- Born: 18 September 1972 (age 53) Ashton, Cheshire, England
- Occupations: Television Presenter, entrepreneur, actor, model
- Spouse: Tricia Penrose ​ ​(m. 2003; div. 2021)​
- Children: 2

= Mark Simpkin =

English television presenter and entrepreneur

Mark Simpkin (born 18 September 1972) was born in Ashton, Cheshire and is an English television presenter and entrepreneur.

==Lockers and furniture==
Simpkin began his career selling lockers and changing room equipment to public and private sector clients.

==Property==
Simpkin's company obtained planning permission to develop the local St Johns Church in Bollington in to 13 apartments. It was originally set to be completed in 2018, but continued economic downturn, and the COVID-19 pandemic led to the site falling into disrepair. A new planning application was submitted in 2022.

After more than a decade of owning the property a large section of the church roof collapsed on the 22nd August 2026. No injuries were reported.

Most recently, Simpkin obtained planning permission for England's largest private natural burial ground in Adlington, Cheshire, in conjunction with the historic Adlington Hall estate.

==Travel==
Simpkin set up "Simply Luxury Travel", with his wife Tricia Penrose specialising in luxury holidays for footballer, celebrity and high net worth clients.

==Media==
Simpkin was a presenter for an ITV1 programme called I Want That House, about buying property abroad. He presented over 100 shows, like GMTV's Fashion Police, LK Today, and ITV's This Morning, where he presented a property segment called Property Police. He also presented regular reports for BBC1's Holiday.

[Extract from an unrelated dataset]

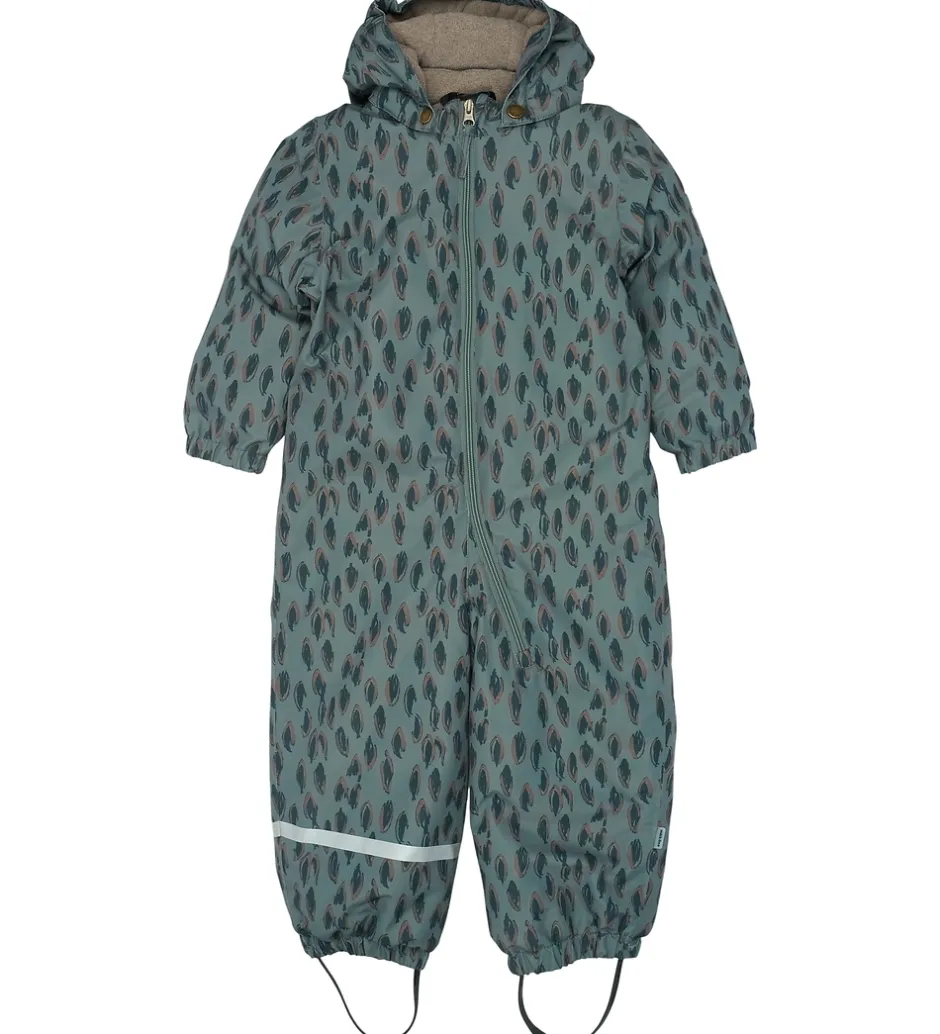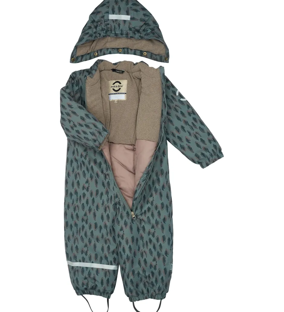 Flot Mikk-Line flyverdragt i en mørk, støvet grøn farve og med et bladlignende allovermønster. Flyverdragten har refleksdetaljer på hætten, venstre ærme og højre ben.

Having missed out on a place in boy band Take That, he went into acting, appearing in ITV1's Coronation Street as the character Craig Brennan.

Simpkin had roles in Zig Zag, an educational children's series on BBC2, a live reporter on The Totally Friday Show, the Travel Channel, Carlton Food Network, Manchester United TV and the Granada Regional Newsroom.

Simpkin hosted nationwide youth conferences with Sir Alan Sugar for Lloyds TSB. The road show promoted entrepreneurship in Great Britain.

==Family==
He was married to actress and singer Tricia Penrose. They have two sons, born in 2003 and 2008. They split in May 2021 after 18 years of marriage.